As with any statistical model, the analysis is only as good as the data that’s being used, said Dr Dyda, who is currently researching how technology and machine learning methods can help the public health response to infectious diseases.
“One of the big challenges for public health and AI is the data sources we’re using because they all have limitations.”
For example, an analysis using social media data needs to take into account who uses social media and whether that group is representative of the whole population, she said.
“One of the other big data sets that is quite often used is electronic medical records – and again, who is actually represented by that data? The model is only as good as the data.”
But the adaptability of AI systems is one of its major strengths, Dr Dyda said. “As data inputs improve over time that the abilities of these systems will improve.”
Covid also helped push AI development from theory into practice, Dr Dyda said.
“A lot of AI work prior to covid wasn’t being implemented, it was theoretical, so it bridged those gaps between the people doing these analyses and building these models, and the people working in public health on the ground.
“While the improvements in implementation are progress, there is still much more work to be done to better incorporate these methods into routine practice”

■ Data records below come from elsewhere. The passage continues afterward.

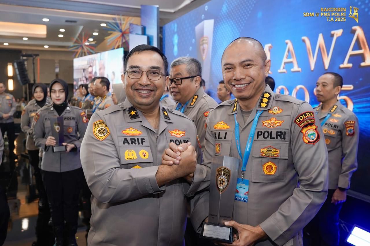 Kepolisian Daerah Maluku Utara kembali menorehkan prestasi di tingkat nasional dengan meraih penghargaan Juara 1 Lomba Indeks Profesionalitas ASN Polri dalam kegiatan Rapat Koordinasi Pembinaan (Rakorbin) SDM dan PNS Polri Tahun Anggaran 2025 yang digelar di Hotel Mercure Convention Center, Ancol, Jakarta Utara, yang dilaksanakan tiga hari mulai Rabu hingga Jumat, 29 s/d 31 Oktober 2025.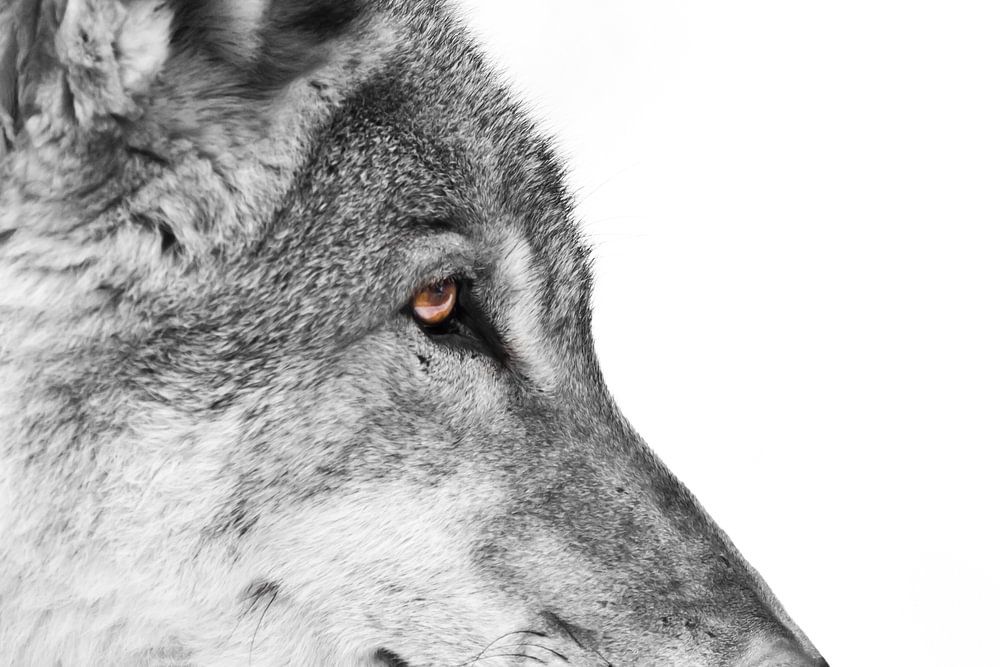 About "Black and white with colored eyes, a view of the distance Split a wolf of male in profile on a white"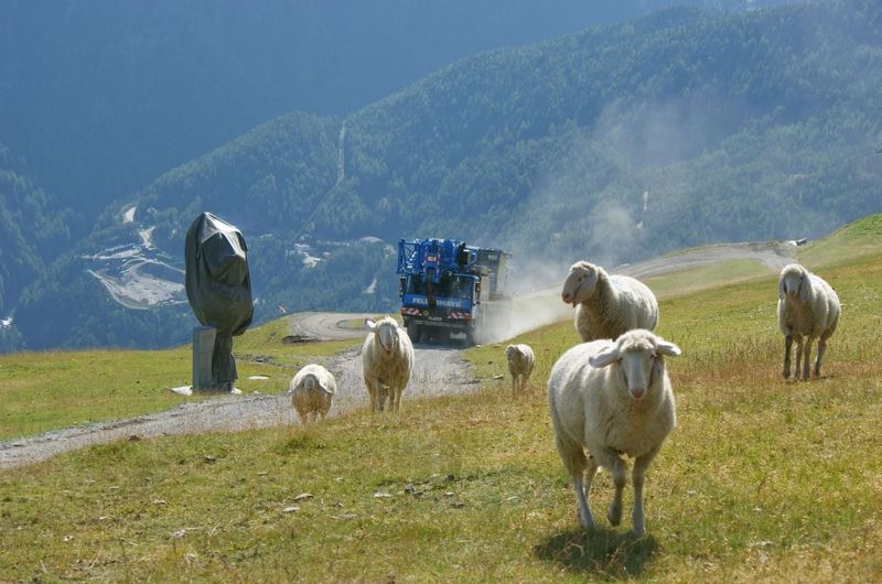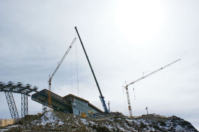Doch auch auf der 2.174 Meter hoch gelegenen Mittelstation reckten sich die Hubgeräte von April bis September in den blauen Himmel. So seien hier, laut Lettenbichler, drei Krane gleichzeitig im Einsatz gewesen: „Einer montierte die Stütze "Eins", der zur Bergstation führenden 3-S-Bahn und die Halle. Zwei weitere Krane, mit maximalen Traglasten von 200 Tonnen, montierten die Einlaufstütze der vom Tal kommenden Umlaufbahn sowie die Seilbahntechnik für die Trassen". Teleskopstapler und Bühnen kamen für diverse Montagetätigkeiten ebenfalls zum Einsatz.

Dr Dyda said upskilling the workforce and bridging those gaps between public health and computer science will be crucial in the next decade.
“It’s really important for clinicians and people in public health to have a voice at this table.”
Dr Dyda said it was important for those who will be using the systems to have input into how they are developed.
“The key to successful implementation is ensuring it meets the needs of the users.
“We need to be considering equity and representation of the data, and issues of safety and unintended consequences.
“Having people from a public health perspective being able to have a seat at the table and contribute to these conversations about how these things are developed is really important to upskilling our workforce. It’s something we need to focus on in the next 10 years.”